Eddie Murphy said. “Is that not a movie? I’m pretty sure it is, because it made four hundred and eighty-four million dollars in worldwide grosses. And it’s my understanding they only track those numbers for actual movies.
Shrek 2? Dr. Doolittle 2? Shrek the Third?
Do these ring a bell? How about
Norbit
? You heard of
Norbit
? Hundred fifty million dollars right there, in domestic tickets alone.”

“You know what I mean,” she said, unable to ever resist an argument, no matter how absurd. “I’m talking about like old Eddie Murphy movies. You know. Like … you know …”

“Like funny?” he said. “Like funny Eddie Murphy movies? Because over a billion dollars in worldwide grosses these last couple of years, that sounds pretty hilarious to me,” he said, and as if to prove it he laughed his quiet little laugh.

“See,” she said, pointing at him. “That’s not the Eddie Murphy laugh. Heh heh heh heh,
that’s
the Eddie Murphy laugh. You really wanted to get me,
that’s
the laugh you shoulda done.”

He shrugged. “I don’t really laugh like that anymore,” he said. He gestured to the rumpus all around them, the wrinkled clothes and hovering bosses, the purple bags under everyone’s eyes, the shocks of gray hair, the mildewy smell coming out of the cot room, the pukey coffee, and the beer guts. “The job,” he said. “It takes a lot out of you.”

After leaving Tevis and Sergeant Hart, Janice went looking for Lieutenant Prondzinski, but she wasn’t in her office. She had, though, hung a picture of a clock on the doorknob.
WILL RETURN
, it promised, its movable hands pointed to three minutes from now. Janice could either wait here with nothing to do except tap her foot and roll her folder into a telescope, or she could try to look busy. She scanned the rumpus for the silvered top of Prondzinski’s head. Nothing. She wasn’t next door in Inspector Nielsen’s office, either. No one was. It was empty, or at least it appeared empty, but Janice couldn’t be certain because the department’s rumormongers—which is to say everyone—claimed the inspector’s vicious migraines forced him to sleep all day under his desk.
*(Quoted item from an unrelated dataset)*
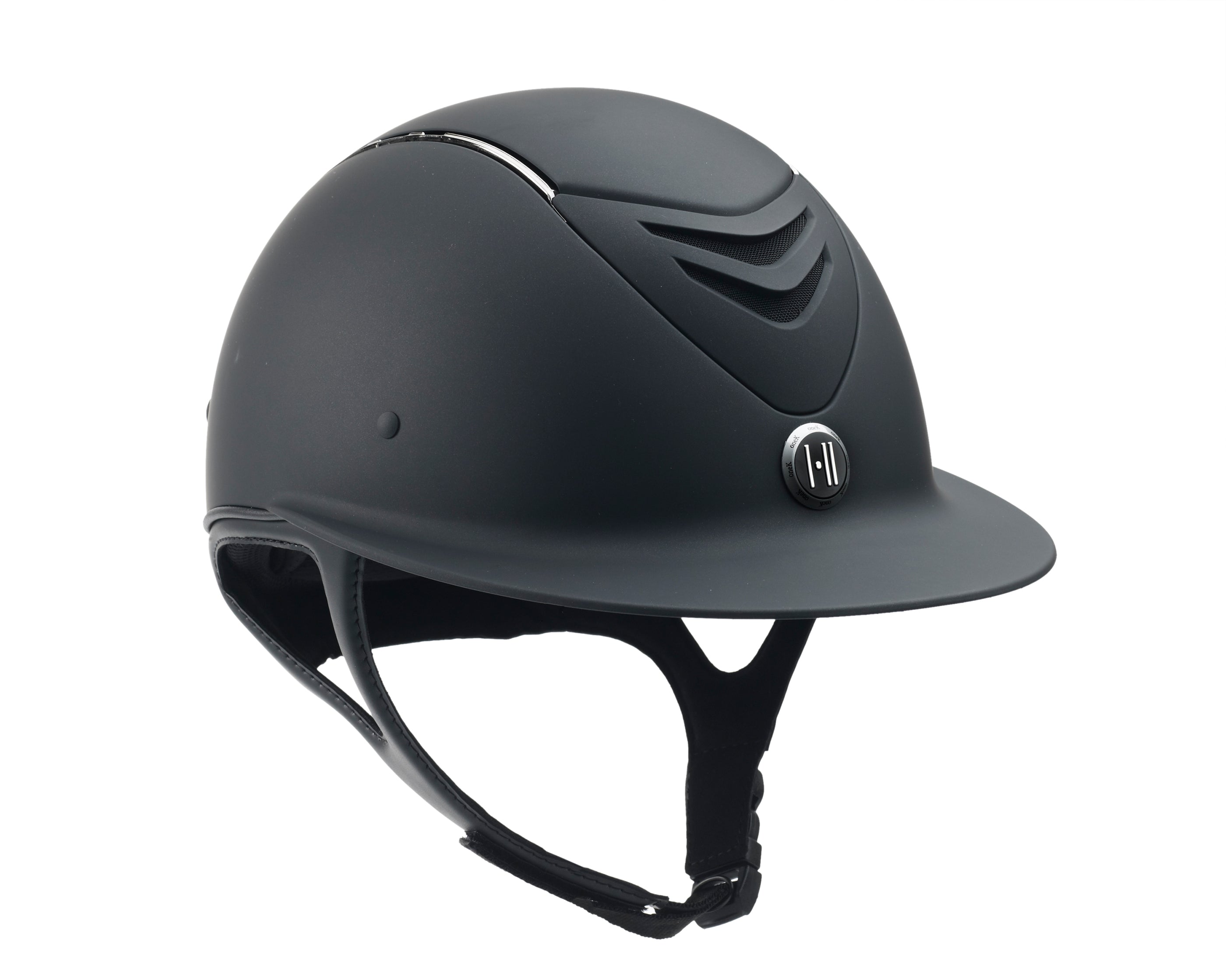 The One K™ Defender AVANCE Wide Brim Chrome Stripe Riding Helmet** combines all of the features of the original One K Defender with the addition of a wide brim to offer additional coverage from the sun’s damaging rays. Two side, two front, one back and two center stripe vents for airflow are covered in stainless steel mesh. The comfort padded harness has a synthetic suede lining, hook-and-loop adjustment and Fastex buckle.
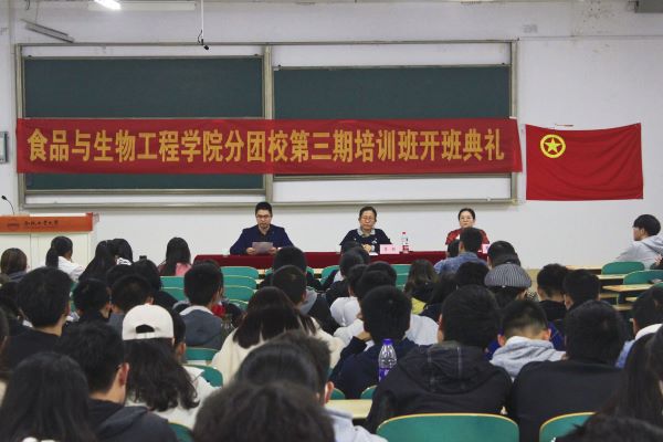 11月16日晚,365电子娱乐官方网站分团校第三期培训班开班典礼在翡翠湖校区三教104顺利举办。学院党委副书记兼纪委书记、分团校校长李艳,学院团委负责人以及全体培训班学员共160人参加了本次典礼。

His office lights were off, his windows papered over. She peeked into the kitchenette, where dirty mugs filled a sink under a sign that said
DO NOT LEAVE DIRTY MUGS IN THE SINK
. She rescanned the rumpus. Preposterously—preposterous because the overcaffeinated Prondzinski seemed incapable of sleep—Janice opened the door to the cot room, but the only one inside was of course Grimes, snoring, a long white nightcap snug around his head. She thought maybe three minutes had passed. Hustling back to the lieutenant’s office, she at last found Prondzinski by almost tripping over her.
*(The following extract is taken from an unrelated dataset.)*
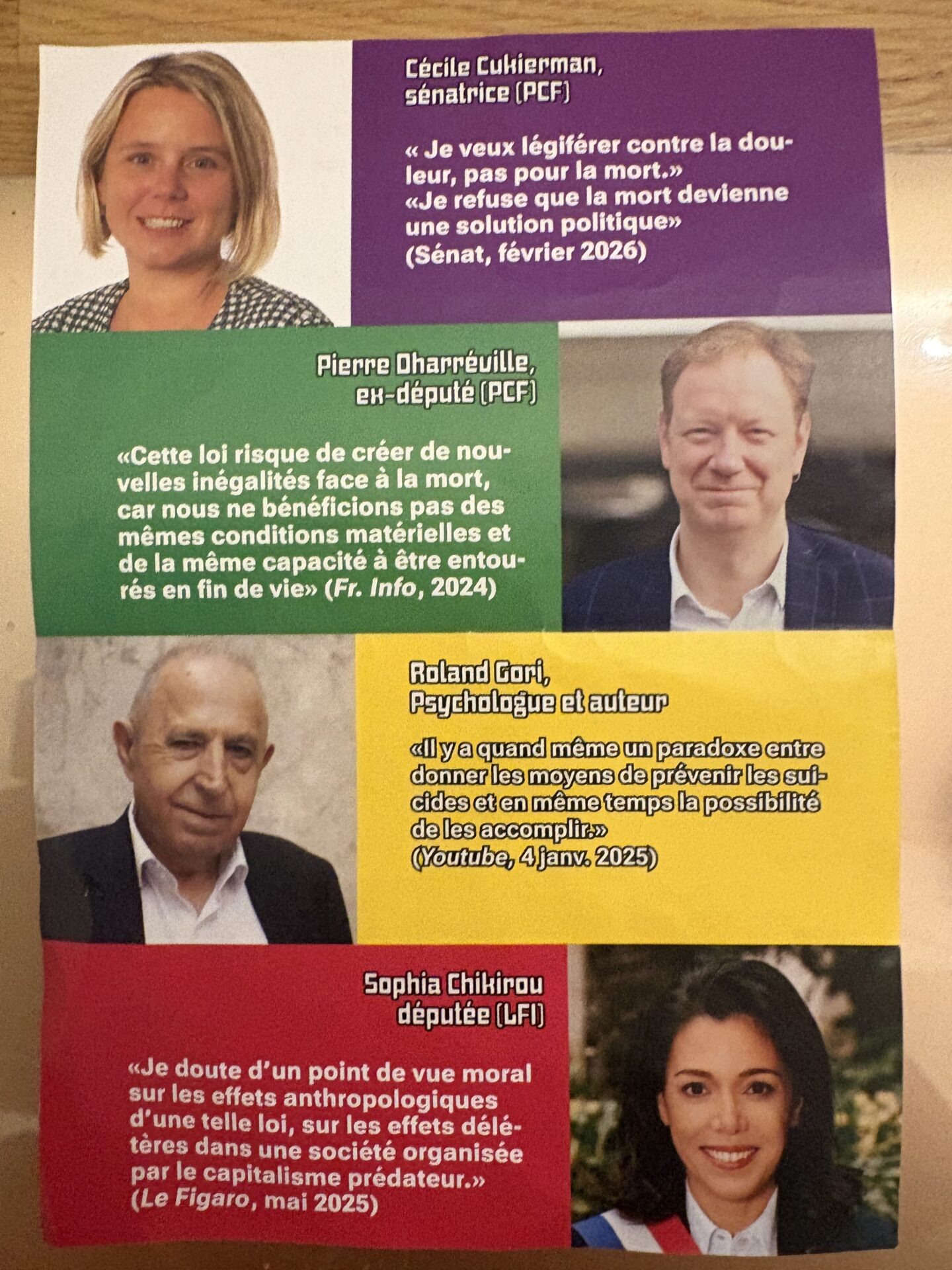 Un contact à l’Assemblée nous transmet ce tract (en écriture inclusive s’il vous plaît!) contre l’euthanasie. Voici un renfort un peu inattendu mais qui vaut la peine d’être connu. Il n’y a plus qu’à prier pour que les députés de gauche écoutent leurs électeurs…
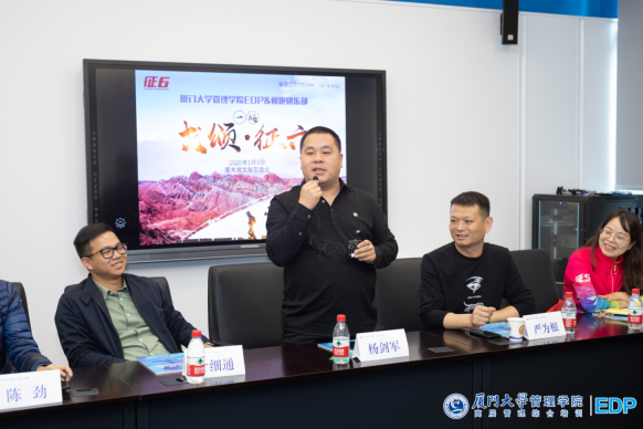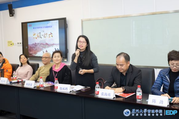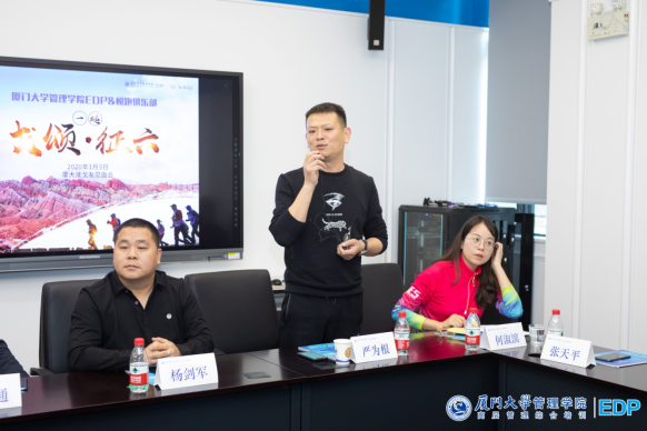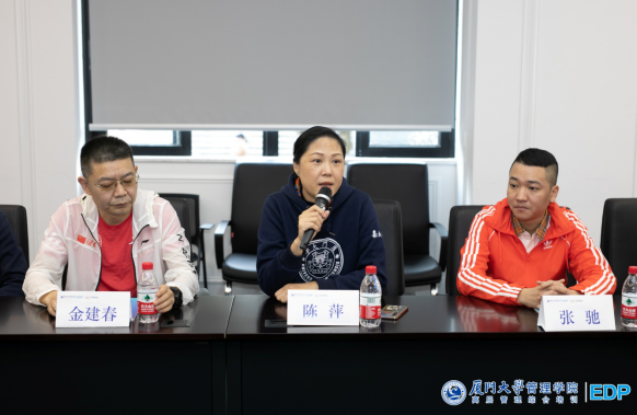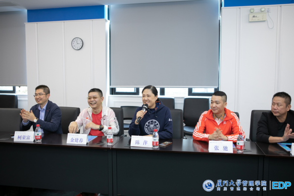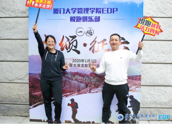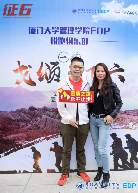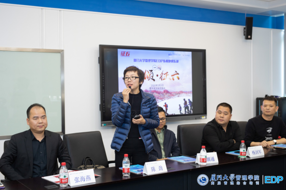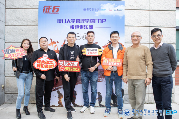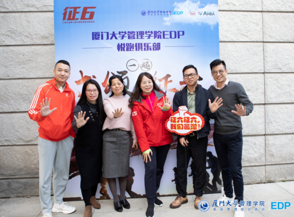 厦门大学管理学院EDP副主任陈萍老师;厦门大学管理学院EDP悦跑俱乐部会长金建春先生;悦跑俱乐部副会长张海燕先生;征五领队柯荣富先生;秘书长陈劲女士。

The lieutenant lay facedown on the floor, half in and half out of the copy room. Long, jagged runs split her dark stockings. Usually there’d be a line of investigators waiting to Xerox the serial numbers on their
buy money, but not now, not with Prondzinski flat on the ground, one ear pressed against the carpet as if she were snooping on the first-floor office workers. Her arm snaked under the copy machine, her tongue poking out between her teeth.